Exhibit 10.29

401(k) Lost Benefit Plan

Executive officers receive additional compensation due to dollar limitations on
benefits and contributions under the Internal Revenue Service Code to the
Company’s 401(k) plan.  Section 402(g)(3) of the IRS Code limits elective
deferrals into the company’s qualified 401(k) plan.  Section 415(c)(1)(A) limits
the total annual contribution into the plan.

The Company’s 401(k) plan allows employees to contribute up to 6% of their
salary and bonus and the Company will match the contribution dollar for dollar. 
However, as indicated, the IRS limits the annual elective deferrals by an
employee to a qualified plan.   The Company therefore provides additional
compensation to make up for the lost tax benefit and Company match on the
difference of 6% of the executive’s salary and bonus over the maximum
contribution allowed by the IRS elective deferral limits.  This amount is then
grossed up and paid as cash compensation to the executive.

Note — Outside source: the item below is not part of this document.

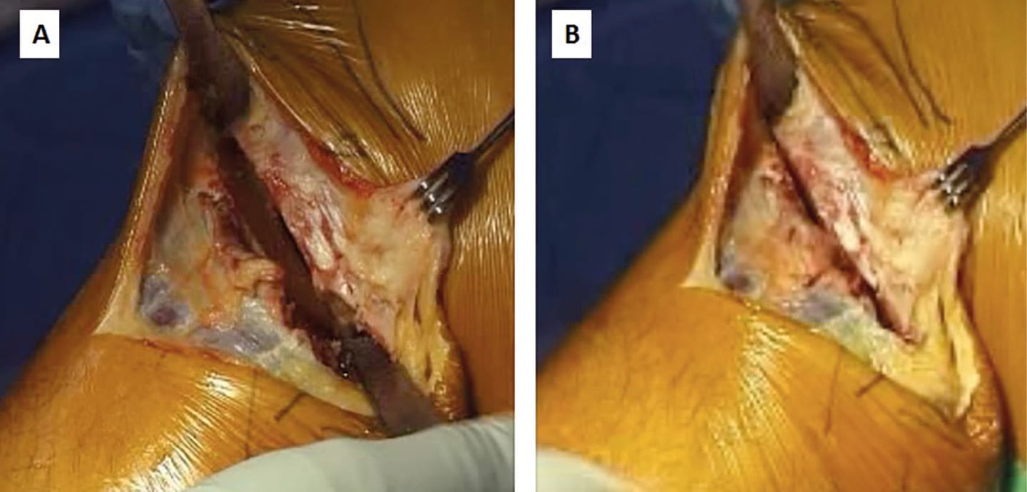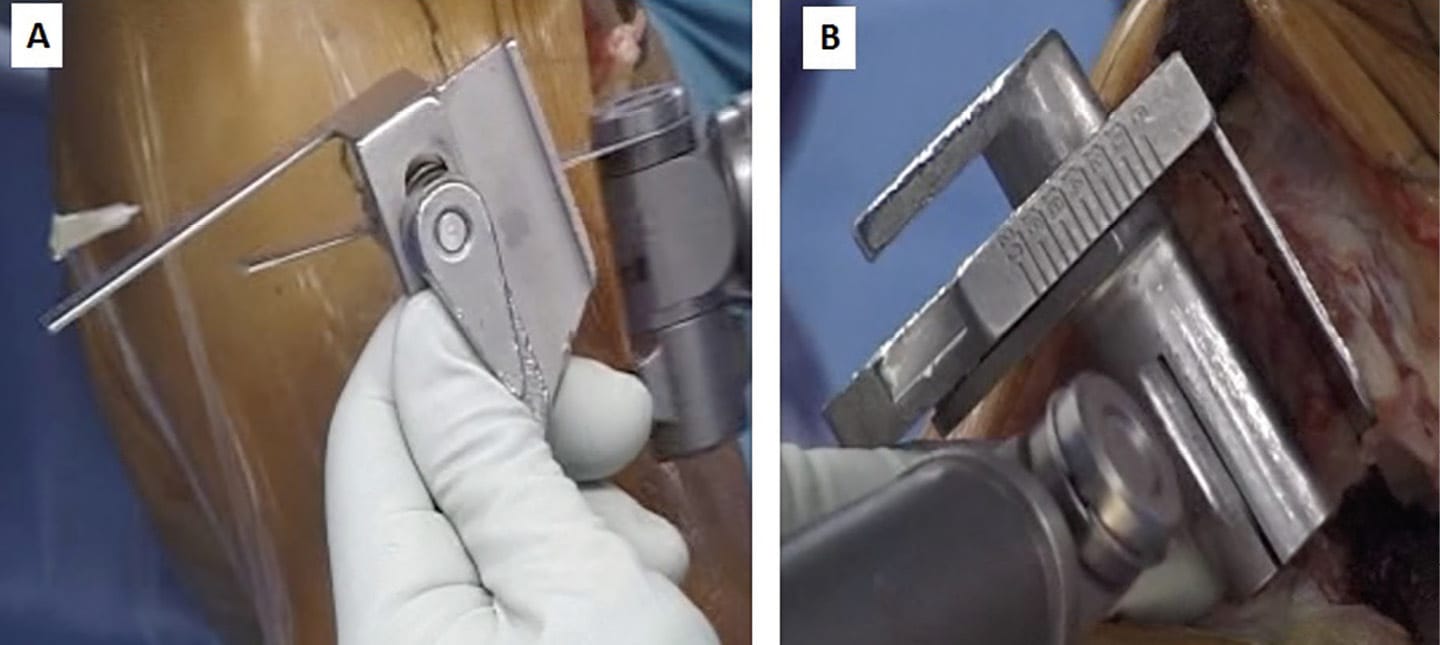 The patient is administered a general anaesthetic, and a foot bolster and side support setup to support the knee at 90° in a supine position. A single dose of prophylactic antibiotics is administered. A thigh tourniquet is applied and the limb exsanguinated.

The Company also may provide a profit share contribution to an employee as a
percentage (between 0% and 10%) of the employees’ salary.  However, the IRS
limits the total annual contribution for an employee into a qualified plan.  The
Company therefore provides additional compensation to make up for the lost
profit sharing amount which cannot be contributed because the executive has hit
the maximum annual contribution amount allowed by the IRS limitations.  This
amount is also grossed up and paid as cash to the executive.